1. Cut mRFP insert out of pSB3K3-mRFP backbone using EcoRI and SpeI.

pSB3K3-RFP plasmid DNA was purified from an overnight 250ml culture of pSB3K3-RFP in LB media with 50µg/ml Kanamycin using the Omega E.Z.N.A. Plasmid DNA Maxi Kit (catalog #D6922-02) according to manufacturer’s instructions. A final concentration of 87.1ng/µL (1.82 A_260/280, 1.79 A_260/230) was obtained and subsequently used for restriction digest as shown in the following table:

Material	EcoRI	SpeI	Double Digest	Concentration   / Activity
pSB3K3-RFP	11.5 µL	11.5 µL	11.5 µL	41.6ng/µL
10X CutSmart	5 µL	5 µL	5 µL	10x
EcoRI	0.5 µL	0 µL	0.5 µL	20U/µL
SpeI-HF	0 µL	0.5 µL	0.5 µL	20U/µL
Water	33 µL	33 µL	32.5 µL	-
Total	50 µL	50 µL	50 µL	-




The resulting digest was run on a 0.8% gel, and the backbone was gel purified using the Monarch DNA Gel Extraction Kit (#T1020S).

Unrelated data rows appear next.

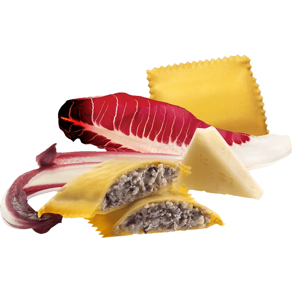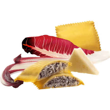 Högkvalitativ pastadeg på durumvete och färska ägg, fylld med ursprungsmärkt röd radicchiosallad från Treviso samt Asiago DOP, en mild men smakrik hårdost från bergen. Servera med endast lite olivolja och riven ost för att fyllningens smak skall komma till sin rätt. Även god att servera med t.ex. en reduktion på portvin, eller med pancetta och valnötter.
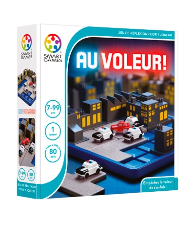 Appel à toutes les unités ! Un voleur au volant d’une voiture rouge tente de s’échapper! Un malfaiteur au volant d’un véhicule rouge roule vers l’est en direction du centre ville. Le suspect s’avère dangereux et armé. Bloquez toutes les routes et appréhendez-le! Dans Au Voleur, vous êtes le Commandant de police chargé de positionner ses hommes afin de bloquer toutes les issues et d’arrêter le suspect. Les 80 missions proposées par Au Voleur permettront tant aux enfants qu’aux adultes de réaliser des courses-poursuites toujours plus passionnantes.
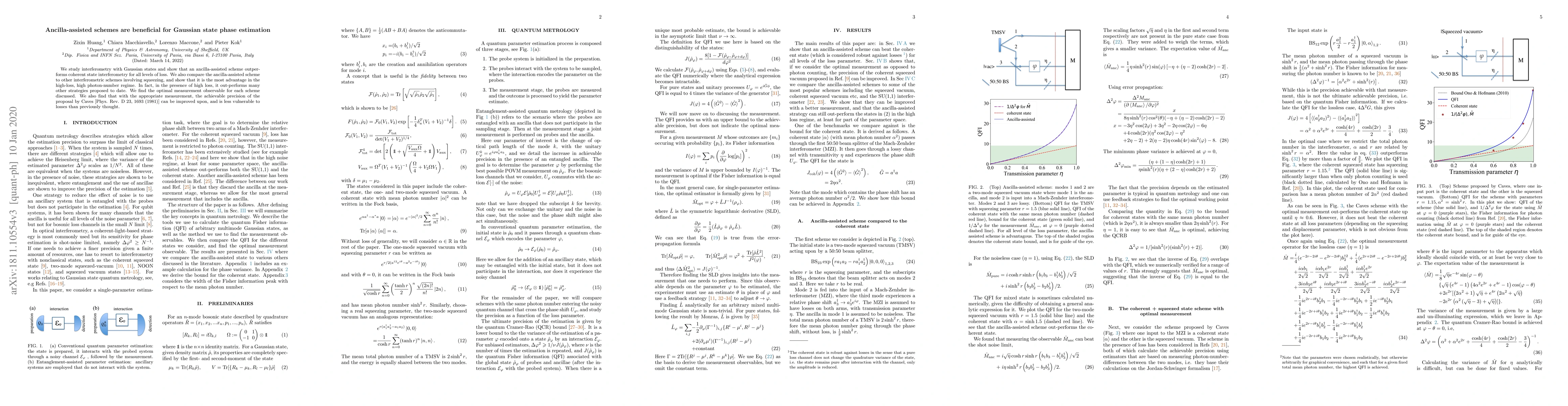 This paper demonstrates that ancilla-assisted schemes significantly improve Gaussian state phase estimation over coherent state interferometry, especially in high-loss scenarios. It also outperforms other interferometric methods involving squeezing and shows enhanced precision, even improving upon the proposal by Caves.
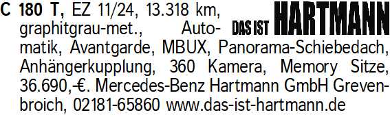 Anzeigentitel: C 180 T, EZ 11/24, 13.318 km,
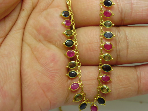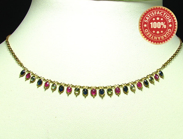 สร้อยคอพลอย3สี ทับทิม ไพลิน มรกต งานเก่า ทอง90%
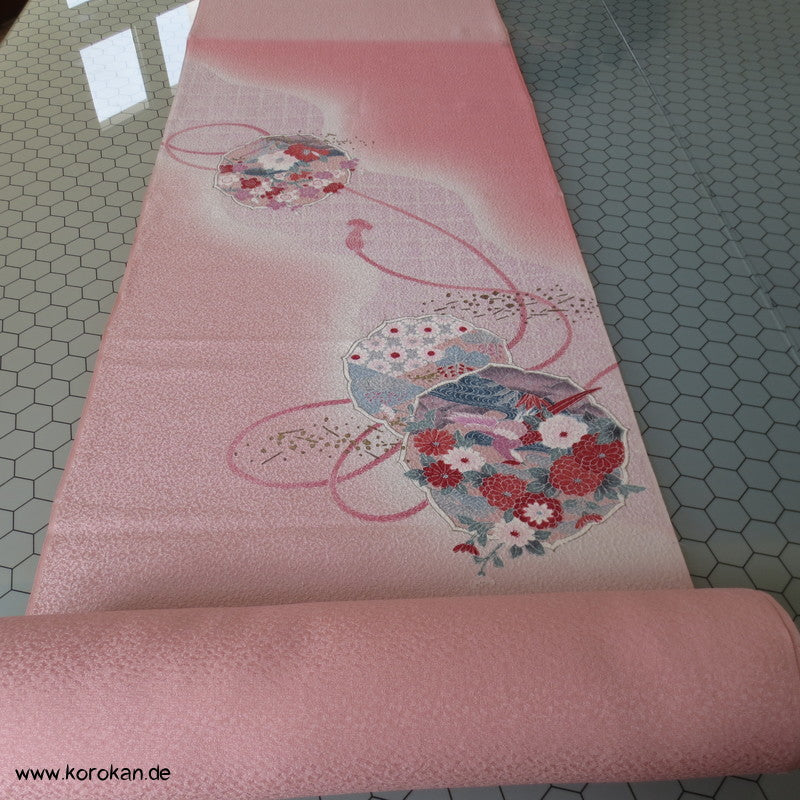 Kusudama, Bänder auf rosa Tanmono, Golddruck
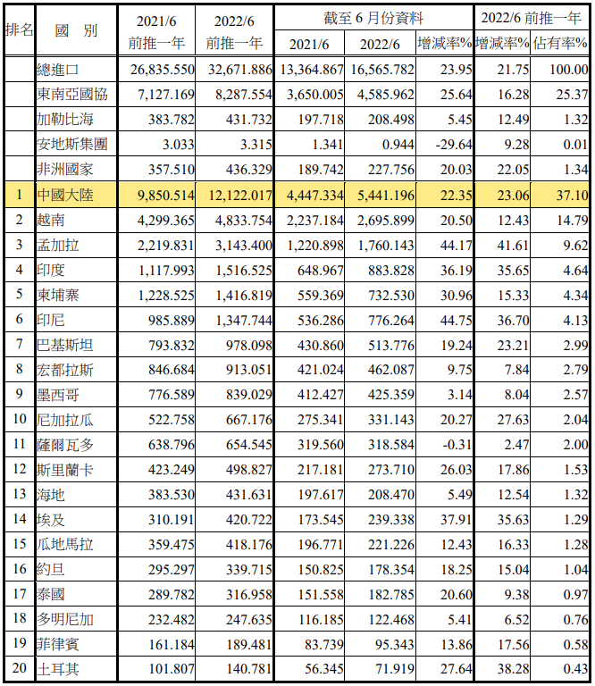 注:依2022年6月前推一年進(jìn)口占有率排序
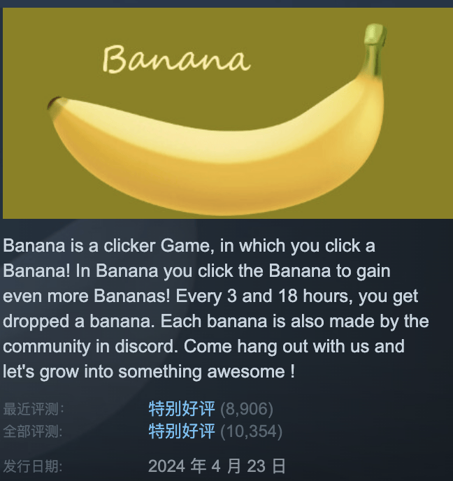 它在 steam 商店頁面簡介中的第一句,已經概括了它所有的玩法: Banana is a clicker Game 。Clicker Game ,即點擊遊戲,進去後點就完事了。
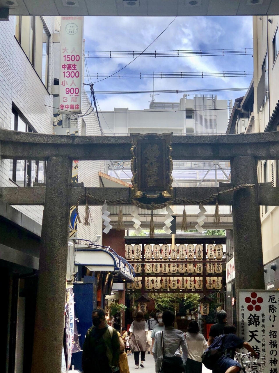 錦市場の先端と新京極通りの交差した所に、錦天満宮はあります。錦市場に買い物に来たら必ず寄って参拝して帰ります。天満宮という名の通り、学業はもちろんのこと、商売繁盛にもご利益があるようです。京の名水のひとつだと言うご神水の、錦の水もあります。梅の実の形をした絵馬が定番のようです。
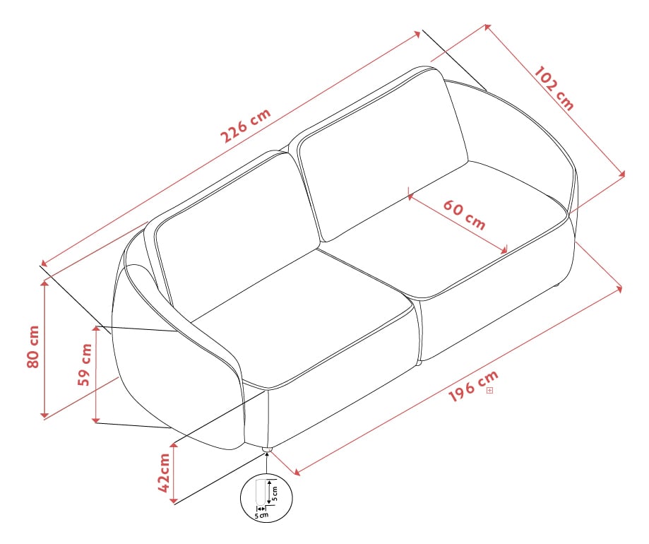 Laadukas chenillemäinen Anna-kangas viimeistelee tyylikkään ulkonäön ja kestää hyvin arjen kulutusta. Kankaan erinomainen martindale-luku takaa, että sohva säilyy kauniina ja kestävänä pitkään. Vastuullisuus on otettu huomioon materiaaleissa: sohvan rungossa käytetty puumateriaali on FSC®-sertifioitua, mikä tarkoittaa, että puumateriaali tulee vastuullisesti hoidetusta metsästä.
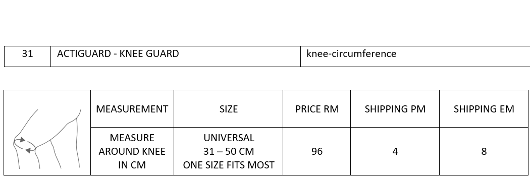 Actiguard knee guard is a convenient wrap around knee guard with Universal size. Ideal for sports activities, walking and jogging.
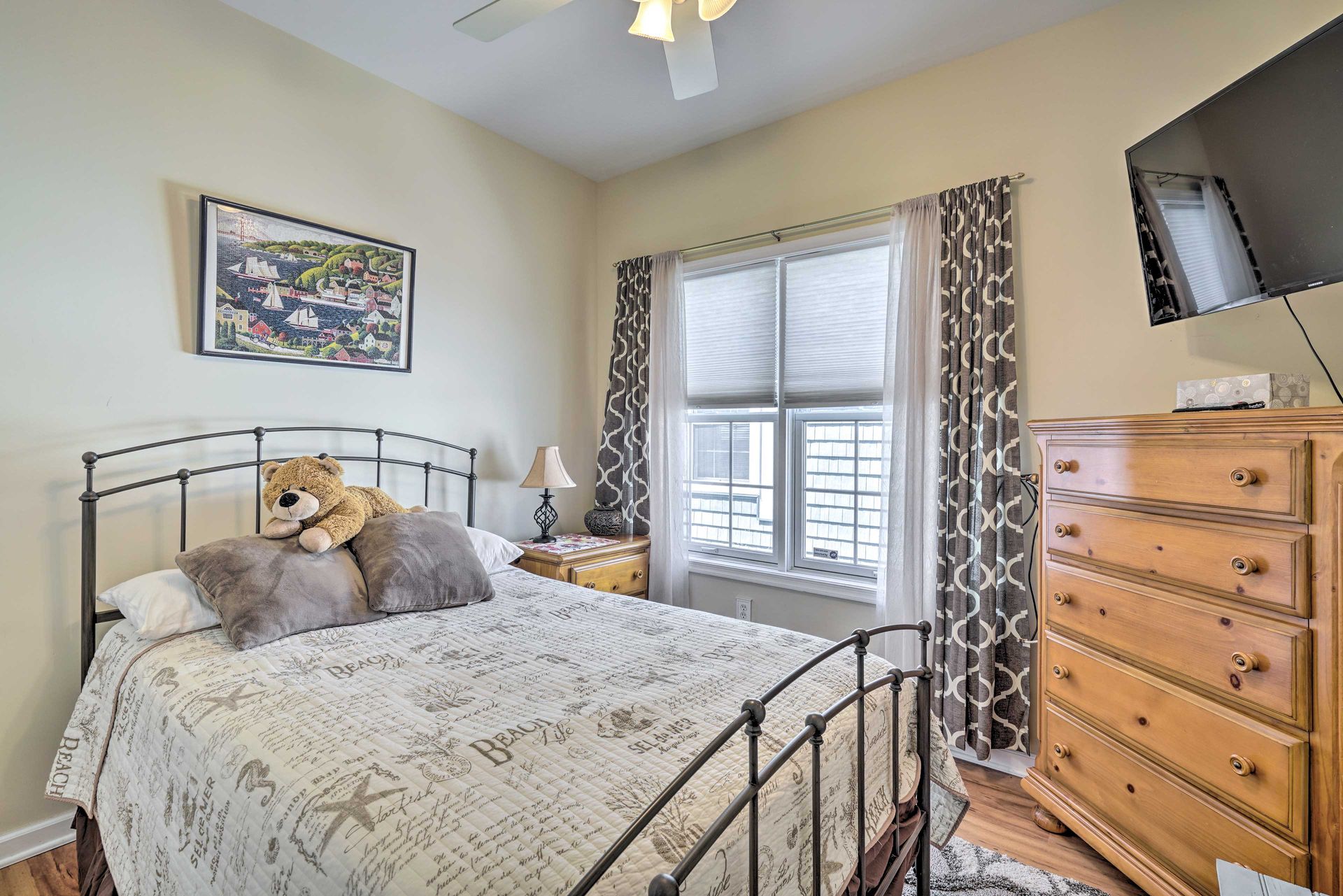 Embark on a relaxing family trip filled with sunshine, sand, and plenty of oceanside adventure at this Wildwood vacation rental! Located just a short walk from Wildwood Beach, this 3-bedroom, 2-bath condo features a full kitchen, central A/C, beachy decor, an en-suite bathroom, a cozy balcony, and a sparkling seasonal pool. Get out and explore local attractions like the Wildwood Boardwalk, the Seaport Aquarium, and the Cape May Lighthouse! Make this delightful condo your vacation HQ — book now.

2. HiFi cloning of pmntP-rs-sfGFP geneblock into linearized pSB3K3 backbone

The pSB3K3 backbone and pmntP-rs-sfGFP geneblock were assembled and transformed into NEB5α using the NEB HiFi Assembly Cloning Kit (catalog # E5520S) according to manufacturer’s instructions.

3. Confirmation of target plasmid using EcoRI and SpeI.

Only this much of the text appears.